I have checked that and indeed the function "down-client:iptables" in the _updown script gets called after a collision. But not every time. It looks like only when it says "CHILD_SA rekey collision lost" or "CHILD_SA rekey collision won". Then some firewall rules gets deleted.

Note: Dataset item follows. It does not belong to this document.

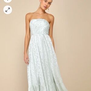 Adorably Elegant Sage Jacquard Floral Strapless Maxi Dress NWT

Even with the more recent strongSwan 5.2.1 the problem still remains.

Here are some log entries when it happens:

09:50:49 charon:  15[IKE] detected CHILD_REKEY collision with CHILD_REKEY 
09:50:49 charon:  15[ENC] generating CREATE_CHILD_SA response 19 [ N(IPCOMP_SUP) SA No KE TSi TSr ] 
09:50:49 charon:  15[NET] sending packet: from 10.1.100.254[4500] to 10.1.100.178[4500] (476 bytes) 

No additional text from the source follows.